Personally, I'd advocate having Safety on App Level. Either an app is SafeD compliant, or not. I have a hard time seeing anything in between.

March 26, 2008
> > Finally, would SafeD have to disallow destructors? If you're accessing garbage collected memory in a destructor, you're asking for trouble. It's not always as simple as directly disallowing access these fields. Calling functions can indirectly cause the memory to be accessed. However, if you're not accessing GC memory in a destructor, you're probably using some lower-level functions, which are generally untrustworthy.
> 
> I thought the garbage collector only freed memory after the destructor had been run.
> 
> DMD 1.00 spec document, page 104 says "The garbage collector calls the destructor when the object is deleted."
> 
> Did this change?  I haven't checked for an update to my copy of the spec document in some time.
> 
> -- the "other" Chris Miller

http://www.digitalmars.com/d/2.0/class.html#Destructor

"When the garbage collector calls a destructor for an object of a class that has members that are references to garbage collected objects, those references are no longer valid. This means that destructors cannot reference sub objects. This is because that the garbage collector does not collect objects in any guaranteed order, so there is no guarantee that any pointers or references to any other garbage collected objects exist when the garbage collector runs the destructor for an object."

-- 
Chris Miller <chris@dprogramming.com>
March 26, 2008
Chris Miller Wrote:
> 
> http://www.digitalmars.com/d/2.0/class.html#Destructor
> 
> "When the garbage collector calls a destructor for an object of a class that has members that are references to garbage collected objects, those references are no longer valid. This means that destructors cannot reference sub objects. This is because that the garbage collector does not collect objects in any guaranteed order, so there is no guarantee that any pointers or references to any other garbage collected objects exist when the garbage collector runs the destructor for an object."

Oh, well then you should just move the code you wanted to run in the parent object's destructor to the sub-object's destructor, though it does leave my wondering why the garbage collector would have killed the sub-object first, since if there is code in the parent object's destructor that uses the sub-object, that should count as a reference, so the sub-object should still be in scope - I think.  Or does code in a destructor not count towards keeping heap references in scope?
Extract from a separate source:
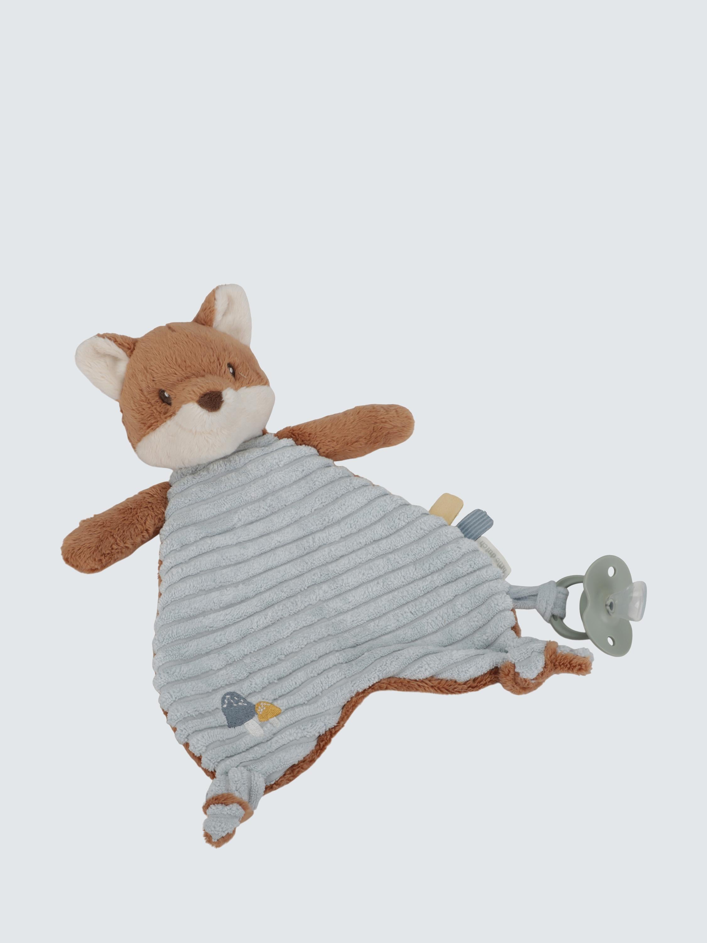 The friendly fox will soothe you with its magical softness, offering a comforting embrace whenever you need a buddy by your side. The soft cloth of its body features delightful details including playful labels, a Forest Friends embroidery, and two knots for tiny hands to grasp and hold onto. With the convenient loop, it's easy to attach a pacifier to keep it close.
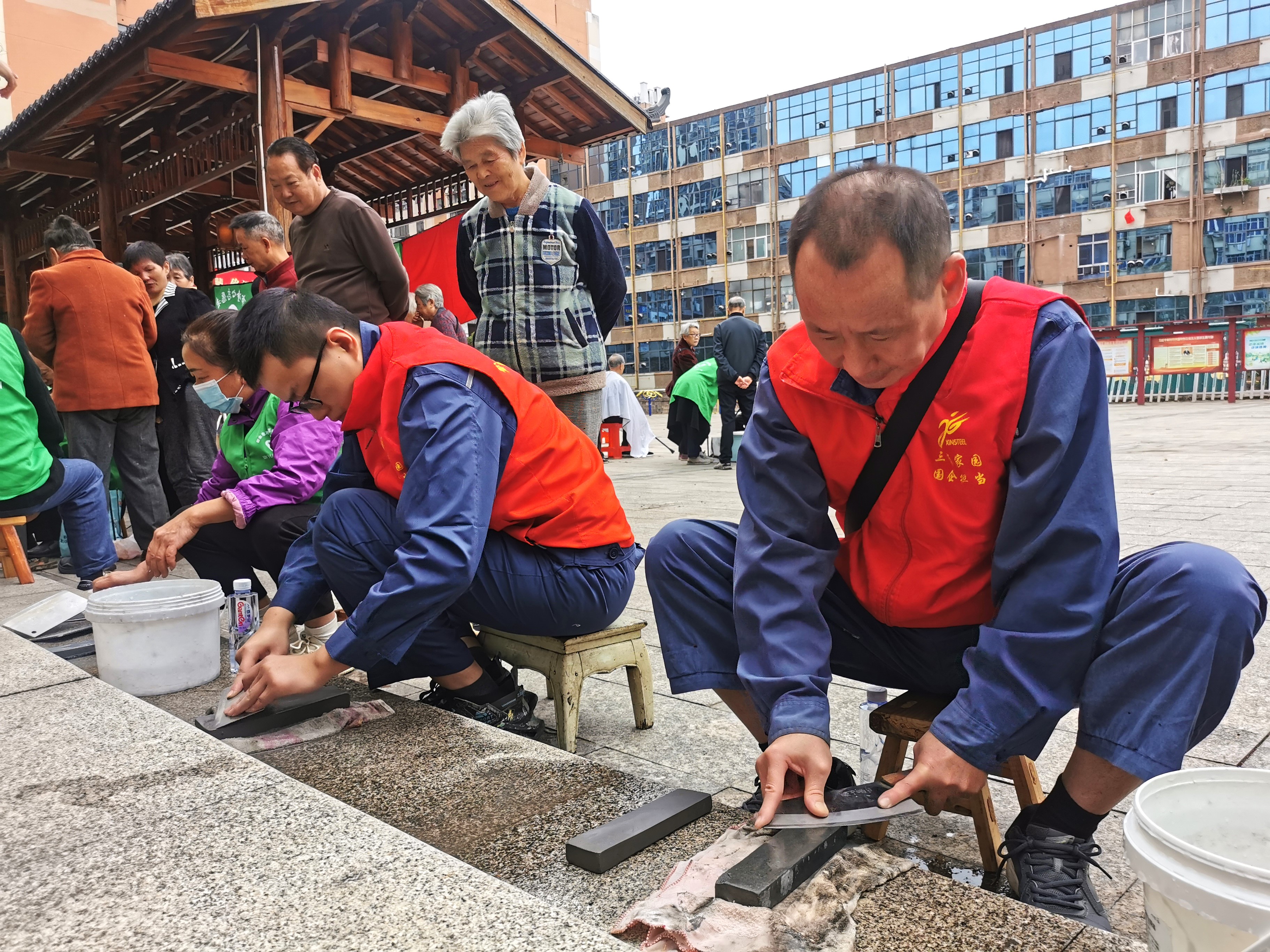 這群“紅馬甲”是廖小根、龔軍輝、桂云剛。他們是中國寶武新鋼集團(tuán)技術(shù)中心原料檢驗(yàn)作業(yè)區(qū)黨員和一線骨干。他們積極響應(yīng)技術(shù)中心原料檢驗(yàn)作業(yè)區(qū)黨支部的號(hào)召,主動(dòng)與新余市凈心志愿者協(xié)會(huì)隊(duì)員們攜手,走進(jìn)新鋼文化村下抱南廣場(chǎng)開展了一場(chǎng)“愛在初冬 暖心社區(qū)”志愿者服務(wù)活動(dòng),以實(shí)際行動(dòng)奉獻(xiàn)愛心、傳遞溫暖。這一天,正是他們的休息日,“利用節(jié)假日發(fā)揮一技之長(zhǎng)參加了理發(fā)、磨刀服務(wù)項(xiàng)目,是一件很快樂的事。”黨員廖小根說道。

-- the "other" Chris Miller

March 26, 2008
Chris Miller wrote:
> Chris Miller Wrote:
>> http://www.digitalmars.com/d/2.0/class.html#Destructor
>>
>> "When the garbage collector calls a destructor for an object of a class that has members that are references to garbage collected objects, those references are no longer valid. This means that destructors cannot reference sub objects. This is because that the garbage collector does not collect objects in any guaranteed order, so there is no guarantee that any pointers or references to any other garbage collected objects exist when the garbage collector runs the destructor for an object."
> 
> Oh, well then you should just move the code you wanted to run in the parent object's destructor to the sub-object's destructor, though it does leave my wondering why the garbage collector would have killed the sub-object first, since if there is code in the parent object's destructor that uses the sub-object, that should count as a reference, so the sub-object should still be in scope - I think.  Or does code in a destructor not count towards keeping heap references in scope?
> 
> -- the "other" Chris Miller

'code' never holds references, strictly data.  The question you have, I believe, is when obj1 holds a reference to obj2 (be it a pointer or a reference), what happens when the last reference to obj1 disappears. Both objects become 'dead' and the order of cleanup is undefined.  In that case, you can question the choice, but consider any cycle of references where together they are all referenced.  When the last external reference to the cycle disappears the entire set is collectable with no 'right' order.  Based on the fact that in some cases there's no 'right' order, the collector takes the approach of 'no order can be assumed for any object being collected'.  The result being that no references to other collectable memory can be referenced from a destructor.  Because of the collector, you don't need to either. Destructors only need to manage non-collectable entities.

Later,
Brad
March 26, 2008
Walter Bright wrote:
> Lutger wrote:
>> Sounds great. Would it be possible to compile SafeD code to Java bytecode? iirc it isn't possible to do that with D.
> 
> It possibly could be.

Hurray!
Will it also have mandatory braces? :-)

Ciao
-- 
Roberto Mariottini, http://www.mariottini.net/roberto/
SuperbCalc, a free tape calculator: http://www.mariottini.net/roberto/superbcalc/
March 26, 2008
I think polishing D 1.0 is definitely more important.
March 26, 2008
Brad Roberts Wrote:

> Chris Miller wrote:
> > Chris Miller Wrote:
> >> http://www.digitalmars.com/d/2.0/class.html#Destructor
> >>
> >> "When the garbage collector calls a destructor for an object of a class that has members that are references to garbage collected objects, those references are no longer valid. This means that destructors cannot reference sub objects. This is because that the garbage collector does not collect objects in any guaranteed order, so there is no guarantee that any pointers or references to any other garbage collected objects exist when the garbage collector runs the destructor for an object."
> > 
> > Oh, well then you should just move the code you wanted to run in the parent object's destructor to the sub-object's destructor, though it does leave my wondering why the garbage collector would have killed the sub-object first, since if there is code in the parent object's destructor that uses the sub-object, that should count as a reference, so the sub-object should still be in scope - I think.  Or does code in a destructor not count towards keeping heap references in scope?
> > 
> > -- the "other" Chris Miller
> 
> 'code' never holds references, strictly data.  The question you have, I believe, is when obj1 holds a reference to obj2 (be it a pointer or a reference), what happens when the last reference to obj1 disappears. Both objects become 'dead' and the order of cleanup is undefined.  In that case, you can question the choice, but consider any cycle of references where together they are all referenced.  When the last external reference to the cycle disappears the entire set is collectable with no 'right' order.  Based on the fact that in some cases there's no 'right' order, the collector takes the approach of 'no order can be assumed for any object being collected'.  The result being that no references to other collectable memory can be referenced from a destructor.  Because of the collector, you don't need to either. Destructors only need to manage non-collectable entities.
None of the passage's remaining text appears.